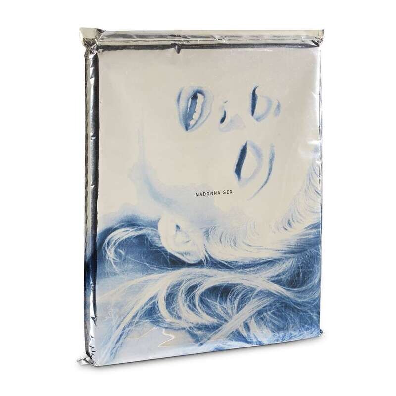 Warner Books, (1992). First edition. Folio. Photographs by Steven Meisel. Metallic spiral spine over brushed aluminum "boards." Original printed unopened Mylar bag and CD, also in its own unopened printed Mylar sleeve.
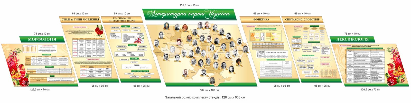 Наш комплект стендів надає змогу глибше зрозуміти та осмислити різноманітні аспекти мови та літератури. Кожен стенд містить важливу інформацію про такі теми:
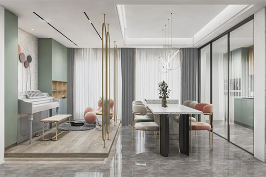 准备一桌亲手做的饭菜,弹一首动人心弦的歌。《简居》的餐厅整体为一个多功能休闲区,钢琴区与餐厅互通。一边是时光悠悠,你弹我唱,一边是柴米油烟,细水长流,诠释了爱情最好的模样。
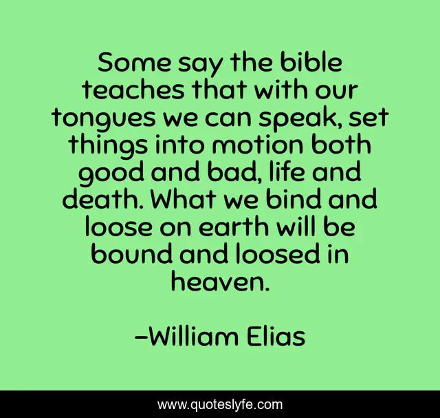 This page presents the quote "Some say the bible teaches that with our tongues we can speak, set things into motion both good and bad, life and death. What we bind and loose on earth will be bound and loosed in heaven.". Author of this quote is William Elias. This quote is about police, fiction-novel, drama, spirituality, suspense, thriller,.

= = = = = = =

→ **Assignment**: An exact reproduction of the data is required, with pictures excluded.

→ **Result of this task**:
 Warner Books, (1992). First edition. Folio. Photographs by Steven Meisel. Metallic spiral spine over brushed aluminum "boards." Original printed unopened Mylar bag and CD, also in its own unopened printed Mylar sleeve.
 Наш комплект стендів надає змогу глибше зрозуміти та осмислити різноманітні аспекти мови та літератури. Кожен стенд містить важливу інформацію про такі теми:
 准备一桌亲手做的饭菜,弹一首动人心弦的歌。《简居》的餐厅整体为一个多功能休闲区,钢琴区与餐厅互通。一边是时光悠悠,你弹我唱,一边是柴米油烟,细水长流,诠释了爱情最好的模样。
 This page presents the quote "Some say the bible teaches that with our tongues we can speak, set things into motion both good and bad, life and death. What we bind and loose on earth will be bound and loosed in heaven.". Author of this quote is William Elias. This quote is about police, fiction-novel, drama, spirituality, suspense, thriller,.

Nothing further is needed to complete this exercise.